Livestock industry leaders are urging Ottawa to prepare a retaliation strategy.
During a Jan. 14 news conference to unveil a new report calculating the cost, Canadian Pork Council executives put the federal government on notice that if the U.S. does not comply with a World Trade Organization dispute panel ruling last year that existing COOL rules must be changed by May 23, 2013, Canada must be prepared to retaliate.
WTO rules allow tariff retaliation equal to the calculated hurt.
However, with the slow pace of WTO compliance procedures and the likelihood of American challenges, any real resolution likely would be months or years away.

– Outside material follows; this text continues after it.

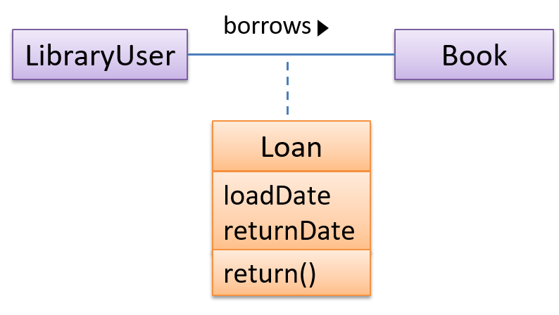 In this example Loan is an association class because it stores information about the borrows association between the User and the

CPC president Jean-Guy Vincent told the news conference that the Canadian industry’s preference is a peaceful settlement.
“We hope the U.S. will conform (with the WTO ruling),” he said. “We focus on that. But we also have to send a message.”
And the message, according to former CPC president and Mayer thorpe, Alta., producer Jurgen Preugschas, is that there should be consequences for non-compliance.
“Our hope is that the U.S. will comply quickly but affected Canadian and Mexican industries will continue to press their respective governments loud and hard for swift and effective retaliatory tariffs on U.S. goods in the event of non-compliance,” he told the news conference.
Ottawa trade consultant Peter Clark said the retaliatory process could be drawn out but it was important to get Canada’s evidence of damage on the public record.
“So if we do have to move to retaliatory action, we’ll have the numbers ready and we won’t be starting again,” he said.
Clark also noted that while tariff reaction could be targeted at U.S. pork exports to Canada, it also could aim at other sectors that are important to powerful U.S. politicians whose constituents would feel the impact of tariffs and reduced access to Canadian markets.
“It really will be an exercise in trying to find a weak underbelly,” he said.
Meanwhile, federal agriculture minister Gerry Ritz is making no commitment to Canadian tactics if the Americans choose not to comply with the WTO ruling.
“It is premature to speculate on retaliatory measures at this time,” he said in a statement issued by his office Jan. 14. “We expect that the U.S. will bring itself into compliance with its WTO obligations by May 23.”
The study prepared for the CPC by Alberta Agriculture rural economist Ron Gietz concluded that damage to the industry has accumulated through reduced sales of live hogs south, reduced export of weanlings to American feeder operations and a reduction in Canadian prices because of reduced demand.
Gietz said that by the end of October 2012, the cumulative loss was $1.9 billion and likely $2 billion by year-end.
He estimated the ongoing cost at $500 million annually, as long as the dispute continues.
During the news conference, he said the increased value of the Canadian dollar since 2008 and the recent escalation of grain and feed prices have affected the profitability of the Canadian industry.
But COOL has been an overwhelming factor.
The Canadian hog industry shrunk by 15 percent while the U.S. herd decline was just two percent, he said.
COOL had to be a factor, said Gietz.
“COOL has taken a heavy toll on Canada’s swine industry,” he reported.
“In fact, it is apparent that Canada’s swine producers have borne the brunt of COOL’s negative impacts on the livestock sector.”